# Roll call for seagull



## *BRANDON* (Dec 2, 2001)

Me and Flatline James are fishing seagull sat night and suday. Anyone else gonna answer up and head out there for some good times and hopefully some COBIA!


----------



## George Gravier (Oct 28, 1999)

What up Brandon. You might see me out there one of those nights. I ventured out there last night for a couple of hours in the rain. Seen some decent croakers being caught near the rocks. We didnt catch squat and it turned ugly so we packed it in...geo


----------



## Big T (May 10, 2002)

Hey Brandon,
I don't know if you rember me but I met you and James last year. Met James first at Seagull, then saw him again at Buckroe when I met you. I was there with my to boys and we kind of got into it with some regulars out there. I will try and get out there I amd come down that way this weekend. Tell James I said hello. P.S. what time are you guys going out?


----------



## *BRANDON* (Dec 2, 2001)

I think were gonna get out there around 6:00 pm sat and stay intill midday sunday. I know were gonna catch a cobia for sure because cdog is heading down south.


----------



## the rhondel (Feb 6, 2003)

Yeah...with Cdog downsouth the word is out and they'll be jumpin on the piers allover the bay .We'll be gettin em this weekend.Bet its Sun or Mon... the R


----------



## Bigblock (Dec 24, 2002)

BUDLIGHT AND I MAY VENTURE Saturdaynight if the rain goes away.
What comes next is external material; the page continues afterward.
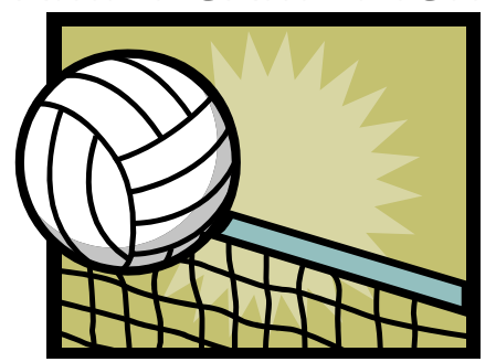
Tonight, June 29, 2019

We are also considering fishing Buckroe ( shallower water thats just a tidbit warmer) anyway we will seeya soon at seagul for sure. Plase tell James that I am still trying to find him a place to run them dogs.
Bigblock


----------



## *BRANDON* (Dec 2, 2001)

BB Remember the whole goat thing from last year!!! You and budlight should comeout there sat night the rain is gonna end sat morning and sunday is gonna be sunny with a high around 81. We thought about hitting buckroe but theres no sharks to catch and the T is open to anyone.


----------



## Bigblock (Dec 24, 2002)

Baa baa baa.Yea I remember sorry it went so far. I will try to convince him to go but I think he realy wants to fish buckroe tomarrow, but if there are biters around at night you will see at least me there. Tell flatline to get his own frenchfries  .I looked at the forcast and the wind is going to be blowing 15 to 25 on sat out of the NE to NW swithching to E sat night 5 to 10. If I dont see ya maybe next week.
Bigblock

Always keep your bacon shakin and never let your meat loaf.


----------



## Cobia Seeker (Mar 19, 2002)

Ya'll let us know how you do. I can't go this weekend but am going somewhere next week sometime.


----------



## *BRANDON* (Dec 2, 2001)

Hey Scott Check you PM.


----------